Coupe biais à l'extrémité d'une pièce de bois permettant son assemblage contre une surface inclinée ou oblique.
🔍 Entretien et réparations
Signes de dégradation à surveiller
- Flèche visible de l'arête depuis l'extérieur (déformation > L/200)
- Bois noirci, mou ou spongieux au toucher (pourriture)
- Présence de galeries de xylophages (vrillettes, capricornes)
- Fissures longitudinales importantes (> 5 mm de profondeur)
- Assemblage en pied décollé ou mouvement visible de la sablière
- Infiltration localisée sous la ligne d'arête (solin ou faîtière défaillante)
- Décrochement des chevrons d'empanon sur l'arêtier
- Corrosion avancée des sabots ou connecteurs métalliques
Actions recommandées
- Inspection tous les 5 ans minimum par un charpentier qualifié (accès par le comble).
- Traitement insecticide-fongicide tous les 10‑15 ans (produits classe 2‑3, Xylophène® ou équivalent).
- Vérification des assemblages : contrôler le serrage des boulons, l'état des sabots métalliques, l'absence de rouille.
- Traitement préventif après infiltration : assécher, traiter, puis réparer la couverture et le solin avant intervention charpente.
- Renforcement par contre-fiche si flèche constatée mais bois encore sain.
- Remplacement partiel (greffe bois) si pourriture localisée (< 30 % de la section).
- Remplacement complet si section atteinte > 30 % ou si les assemblages sont compromis.
- Diagnostic structurel par bureau d'études avant tout renforcement important.
⏳ Durée de vie selon le matériau
| Matériau | Durée de vie | Conditions favorables | Facteurs réducteurs |
|---|---|---|---|
| Résineux massif non traité | 20‑40 ans | Comble ventilé, sec | Humidité, xylophages |
| Résineux C24 traité cl. 2 | 50‑80 ans | Couverture étanche, ventilation | Infiltrations répétées |
| Feuillu (chêne, châtaignier) | 80‑200 ans | Durabilité naturelle élevée | Fissuration naturelle en vieillissant |
| BLC GL24h‑GL32h | 60‑100 ans | Stable, résistant aux nœuds | Délaminage si humidité > 18 % |
| Acier galvanisé protégé | 40‑80 ans | Intérieur ventilé, protection corrosion | Zone maritime, condensation |
💶 Prix indicatifs 2024‑2025
| Prestation | Tarif indicatif HT | Remarques |
|---|---|---|
| Arêtier résineux 80×120 mm (fourni) | 12‑20 €/m linéaire | Matière première, hors pose |
| Arêtier résineux 100×160 mm (fourni) | 18‑30 €/m linéaire | Section standard maison individuelle |
| Arêtier BLC GL24h (fourni) | 40‑80 €/m linéaire | Grandes portées, traitement inclus |
| Pose arêtier (taillage + assemblage) | 200‑500 €/unité | Compagnon charpentier qualifié |
| Remplacement arêtier complet (fourni + posé) | 800‑2 500 €/unité | Selon section, portée, accessibilité |
| Greffe / renforcement partiel | 400‑1 200 € | Pourriture localisée < 30 % section |
| Traitement insecticide-fongicide | 15‑35 €/m² | Charpente entière, produit + pose |
| Diagnostic structurel charpente | 300‑800 € | Rapport écrit, bureau d'études |
| Location échafaudage | 500‑1 500 € | Accès extérieur si nécessaire |
* TVA 10 % applicable en rénovation (logement > 2 ans). Tarifs indicatifs selon la région et la complexité du chantier.

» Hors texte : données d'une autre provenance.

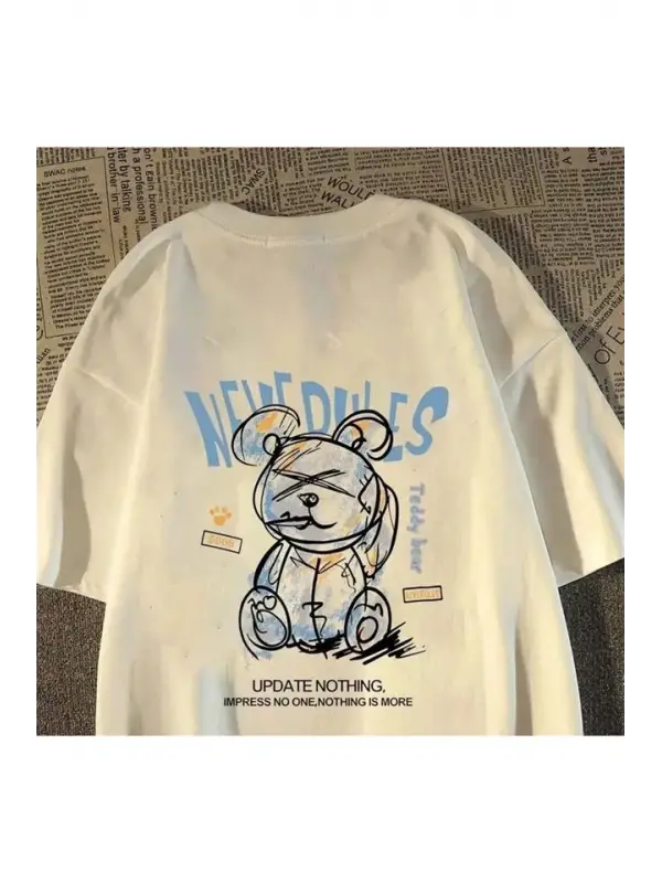 Beyaz Cartoon Bear Baskılı Oversize T-Shirt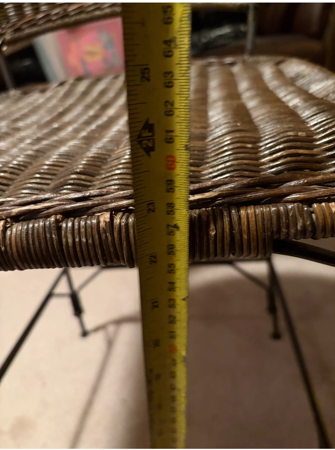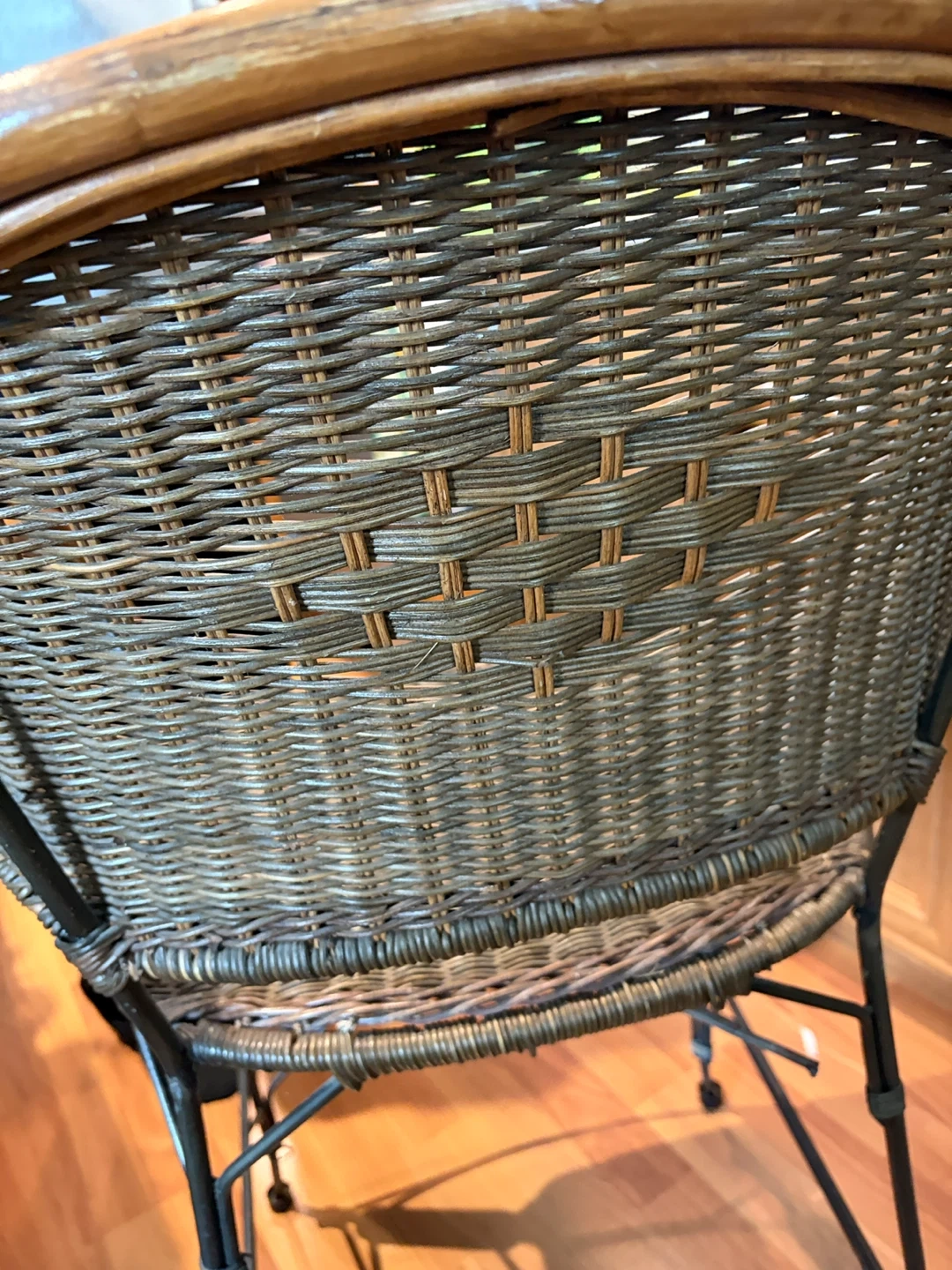 2 sturdy bar stools featuring woven wicker construction and a smooth wooden top trim. Its metal legs provide a stable base. This stool's classic design fits well in kitchen or bar areas.

📋 Réglementation applicable
- Eurocode 5 (NF EN 1995-1-1) : norme de calcul des structures en bois. Définit les classes de service, les charges admissibles et les vérifications aux états limites (ELU et ELS). Obligatoire pour tout permis de construire.
- NF EN 338 : classes de résistance du bois massif (C18, C24, D30…). L'arêtier doit être en classe C24 minimum.
- NF EN 14080 : spécifications du bois lamellé-collé (BLC). Définit les classes GL24h à GL32h.
- DTU 31.1 : charpentes et escaliers en bois. Prescriptions de mise en œuvre, assemblages et tolérances.
- DTU 31.2 : charpentes en bois — règles de conception et de calcul complémentaires.
- Règles NV 65 (NF P06-002) : charges de vent et de neige à considérer dans le dimensionnement des arêtiers selon la zone géographique.
- NF B 50-100 / 50-105 : spécifications des sciages de bois résineux et feuillus, définissant les tolérances dimensionnelles.
- Garantie décennale (art. 1792 Code civil) : les travaux de charpente structurelle (dont les arêtiers) engagent la responsabilité de l'entreprise pendant 10 ans.
- Permis de construire / Déclaration préalable : toute modification de la charpente affectant la surface ou le volume de la toiture peut nécessiter une autorisation d'urbanisme selon le PLU.